A contribution to the stability of the financial market

When the US real estate bubble burst in the summer of 2007, the value of complex securitisations and other financial products plunged. Banks around the world suffered dramatic losses and ran into difficulties. A chain reaction threatened to bring down the globally interconnected financial world, making it necessary for governments to intervene. Among other measures, Germany provided for a system of public guarantees in order to stabilise the economic cycle, safeguard the interests of companies and secure the private wealth of citizens. The EAA was founded at the end of 2009 as a recovery tool intended to wind up a portfolio worth many billions of euros that it had assumed from the former WestLB. In that way it was possible to remove from the market a major, internationally connected bank, without creating disruptions.

Smoothly

The EAA assumed several tranches of structured financial products, securities, loans, derivatives as well as project and company investments, all together worth more than EUR 200 billion. A wide variety of transactions had to be transferred in a brief period of time – without negatively impacting volatile markets.

Reliably

A winding-up agency is not a traditional credit institution. It does not undertake new business and rigorously minimises risks. Instead of focusing on short-term profits, it targets long-term results.
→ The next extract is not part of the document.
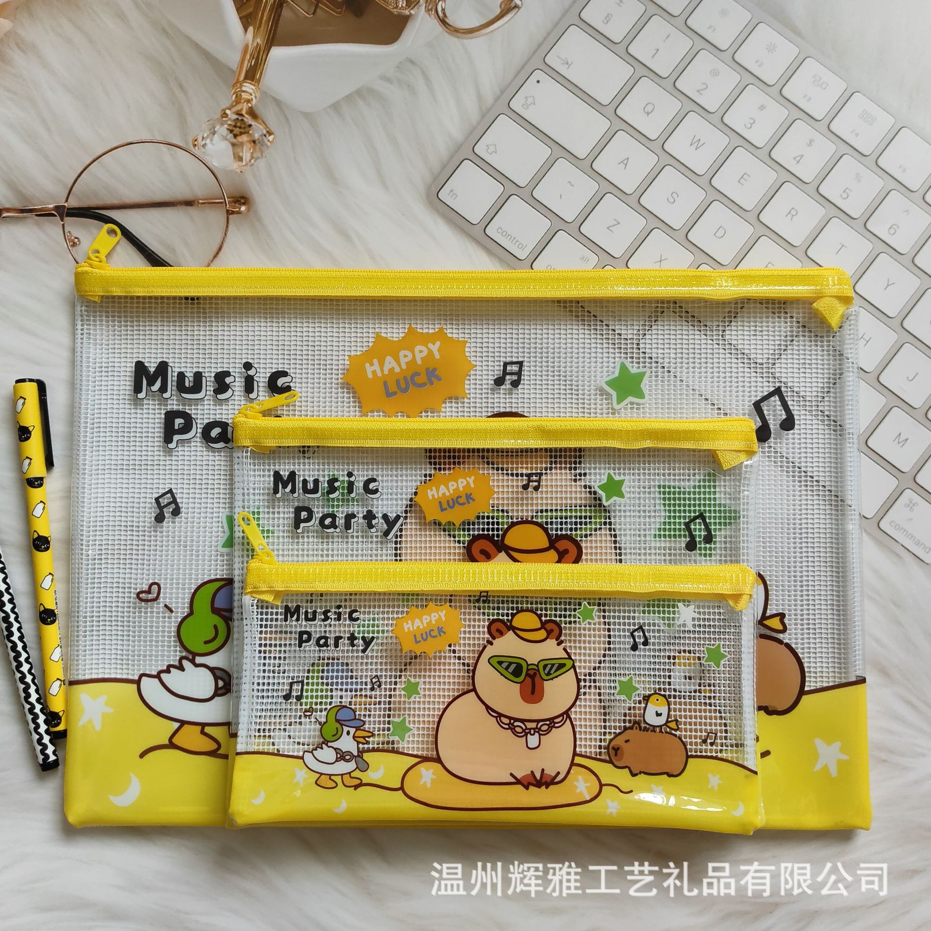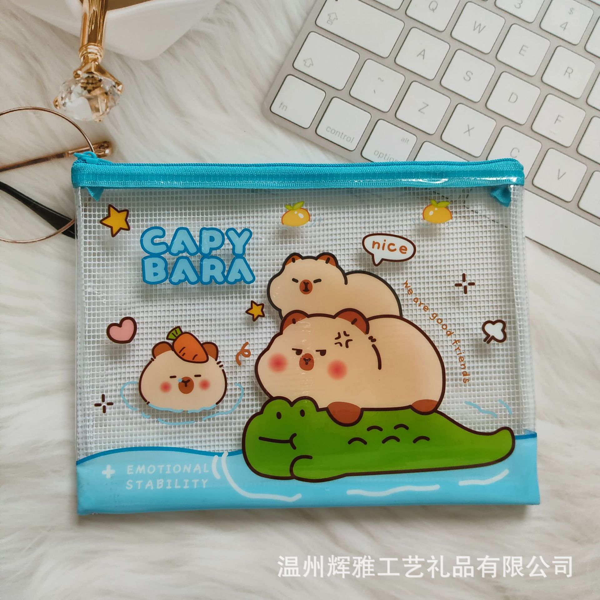 카피발라 투명 필통 수피카니타 PVC 메쉬 필통 수납 가방 파일 가방 만화 방수 지퍼 가방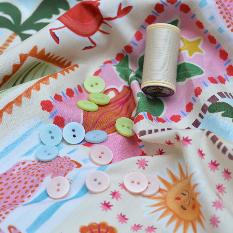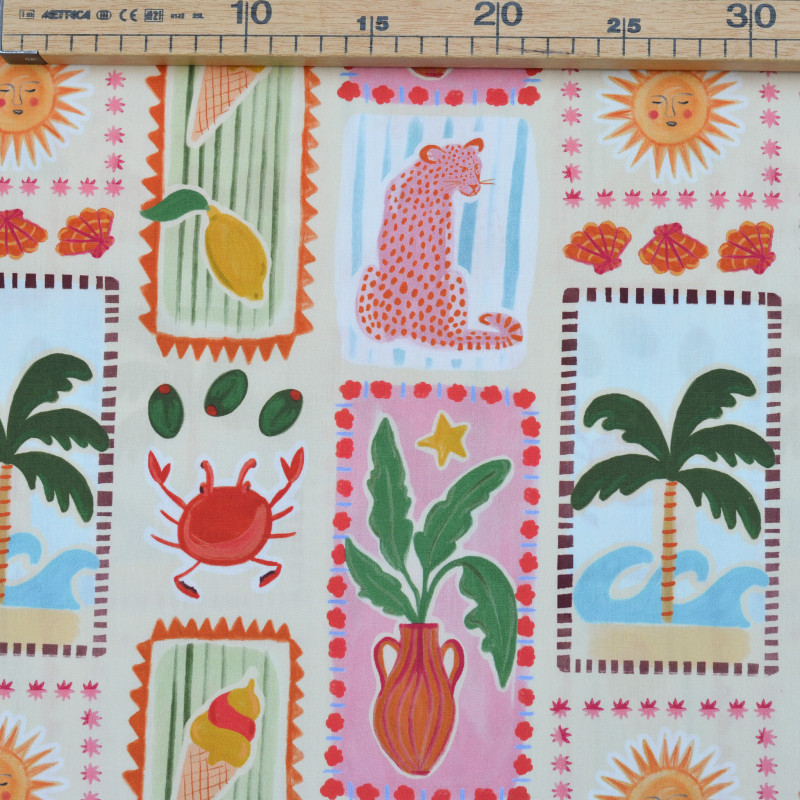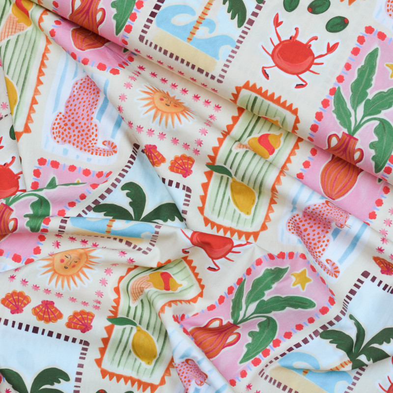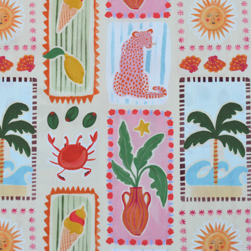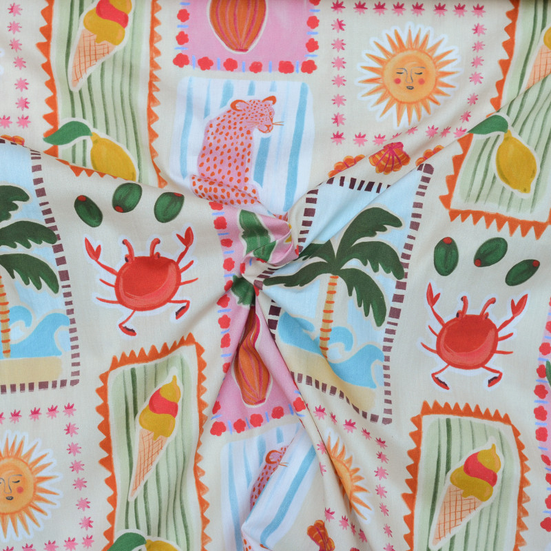 Popeline de coton au motif exclusif avec de multiples dessins colorés (soleil, glace, léopard, crabe, citron, palmier, etc.) sur un fond beige clair. Une véritable ode à l'été et à ses meilleures vibes qui vous fera voyager. Un motif exotique et chaleureux sur une belle popeline de coton produite en France. Ce tissu vous permet d'imaginer notamment une chemise, un short, un gilet sans manche ou une robe.

Based on this unique business model, the past several years have seen the EAA develop into a business and negotiation partner, a creditor and a debtor for numerous financial institutions. It had to build up trust among the customers of the former WestLB, investment bankers, private equity and hedge funds, insurance companies and international central banks. For its funding purposes the EAA needed to establish itself in a brief period of time as an issuer of attractive bonds.

Competently

The portfolio is very complex and requires expertise across a wide variety of economic sectors, not just in the traditional tasks of the banking industry. In order to control risks and safeguard assets, the EAA must be familiar with not only complex legal issues but also specific industrial markets around the world. Its relatively small, compact organisation had to develop these skills in just a few years. What was and is still needed is a recognised centre of excellence with a broad bandwidth and without an overbearing bureaucracy.